Pernah pada suatu waktu saya melontarkan pertanyaan kepada siswa saya dikelas. Pertanyaanya adalah " Siapakah diantara kalian yang bercita-cita menjadi guru?" Namun apa jawabannya, dari 40 siswa tidak lebih dari 3 siswa saja yang mengacungkan tangannya, yang artinya hampir tidak ada siswa yang bercita-cita atau berminat menjadi guru.
Siswa yang bercita-cita menjadi guru pun bukan termasuk siswa yang tergolong bintang kelas, melainkan hanya siswa yang biasa-biasa saja. Lain halnya dengan profesi seperti dokter, arsitek, pengacara atau lainnya. Tentu jika ditanya dengan pertanyaan serupa akan berbeda jawabannya. Sudah dapat dipastikan akan lebih banyak siswa yang mengacungkan tangannya.

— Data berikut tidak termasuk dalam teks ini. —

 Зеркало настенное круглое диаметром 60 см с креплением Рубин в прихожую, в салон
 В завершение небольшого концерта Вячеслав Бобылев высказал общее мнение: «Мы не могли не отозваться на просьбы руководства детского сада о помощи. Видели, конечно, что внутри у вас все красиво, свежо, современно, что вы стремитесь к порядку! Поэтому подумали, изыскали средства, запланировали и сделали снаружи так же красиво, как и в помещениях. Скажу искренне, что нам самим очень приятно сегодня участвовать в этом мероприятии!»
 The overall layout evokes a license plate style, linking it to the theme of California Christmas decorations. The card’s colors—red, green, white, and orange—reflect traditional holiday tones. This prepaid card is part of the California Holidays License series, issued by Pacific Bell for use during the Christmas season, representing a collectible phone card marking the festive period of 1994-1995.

Kembali saya melontarkan pertanyaan kepada siswa saya, kali ini pertanyaanya "Mengapa kalian tidak ingin menjadi guru, bukankah guru adalah pekerjaan yang mulia?" sebagian besar mereka menjawab dengan singkat, " Karena guru gajinya kecil".
Tentu ini merupakan jawaban yang sangat sederhana namun memiliki makna yang luas. Dari jawaban itu ada yang membuat kita prihatin, mengapa sikap anak-anak itu telah berorientasi pada materi, bukan kepada minat, hati nurani atau panggilan jiwa. Agaknya siswa-siswa kita tanpa disadari telah mengidap sifat materialistik dan konsumerisme.

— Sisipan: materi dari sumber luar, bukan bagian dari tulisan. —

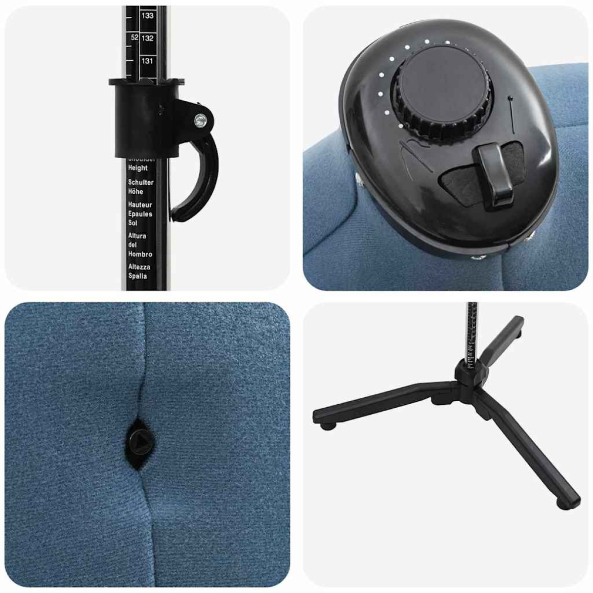 vidaXL Adjustable Dress Form Female Manual Blue 37.5-45.5 inch Fabric

Dari dua pertanyaan tersebut tentu kita dapat sedikit memahami akar persoalan tentang benang kusut profesi guru sekaligus dunia pendidikan kita. Dua hal tersebut adalah kualitas dan kesejahteraan guru. Sudah bukan rahasia lagi, kualitas dan kompetensi guru Indonesia masih relatif rendah.

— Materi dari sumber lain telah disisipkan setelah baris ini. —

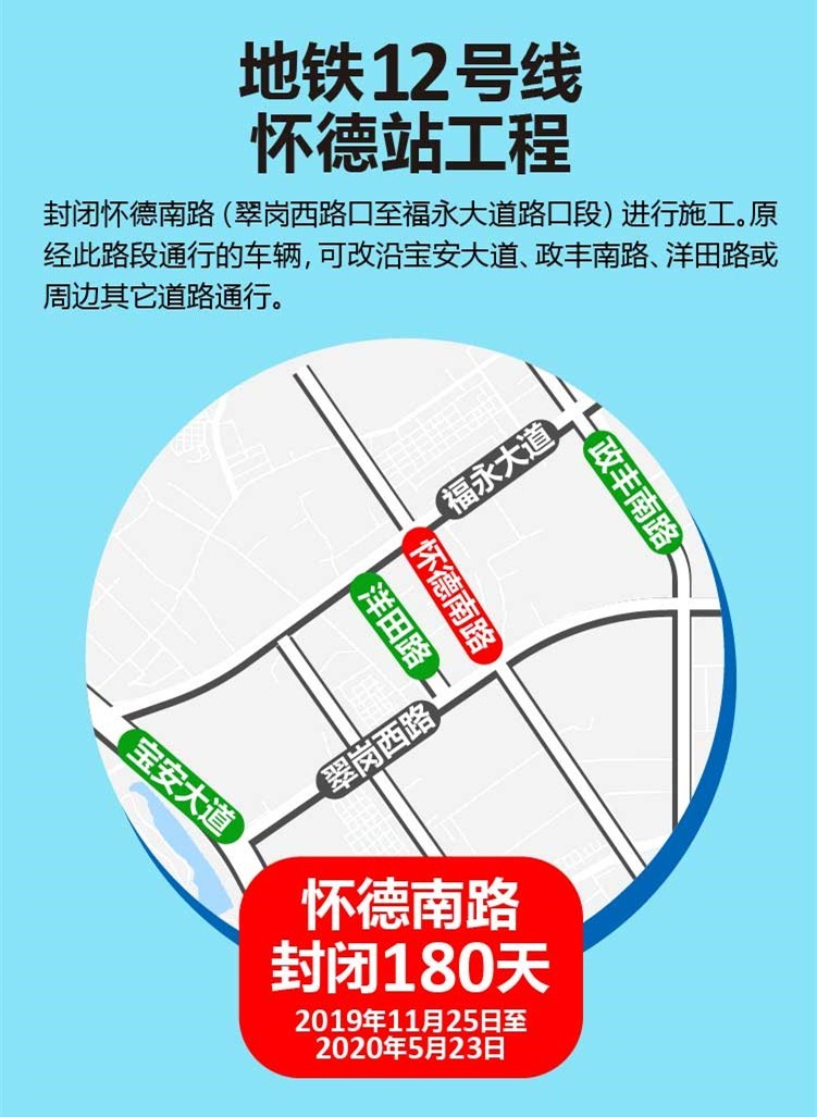 2019年11月25日至2020年5月23日共180天,封閉懷德南路(翠崗西路口至福永大道路口段)進行施工。原經此路段通行的車輛,可改沿寶安大道、政豐南路、洋田路或周邊其它道路通行。

Setidaknya ilustrasi ini didukung dari hasil tes angket yang dilakukan oleh Balitbang Kemendikbud kepada 512.500 siswa peserta Ujian Nasional Berbasis Komputer (UNBK) 2019. Hasilnya peserta didik yang tak mau menjadi guru sebanyak 89 persen dan sisanya 11 persen ingin menjadi guru. Penyebabnya adalah dimensi sosial ekonomi, siswa itu sangat memilih sebuah profesi yang menurut persepsinya memiliki status sosial ekonomi yang tinggi. Sementara gambaran status sosial ekonomi profesi guru di mata para siswa masih di bawah profesi lain seperti pengacara dan dokter.
Kita berharap kedua akar persoalan tersebut akan dapat dibenahi olek Kemdikbud khususnya melalui Direktur Jenderal Guru dan Tenaga Kependidkan. Dirjen ini memang dibentuk khusus untuk menangani guru dan tenaga kependidikan ini.
Dirjen ini memang belum lama dibentuk,tepatnya pada tahun 2015 melalui Peraturan Presiden Nomor 14 tahun 2015 tentang Kementerian Pendidikan dan Kebudayaan. Secara umum Dirjen GTK mempunyai tugas menyelenggarakan perumusan dan pelaksanaan kebijakan di bidang pembinaan guru dan pendidik lainnya, serta tenaga kependidikan.
Dengan dilantiknya pejabat Dirjen GTK yang baru, yakni DR. Iwan Syahril, Ph.D. tentu merupakan harapan baru bagi para guru di seluruh nusantara. Terlebih Beliau adalah seorang ahli dalam kurikulum dan kebijakan Pendidikan. Jika kita membaca apa yang menjadi buah pikiran beliau tentang suatu strategi penangan pendidikan yang pernah ditulisnya dalam media sosial profesional Linkedln, maka kita patut menaruh harapan besar.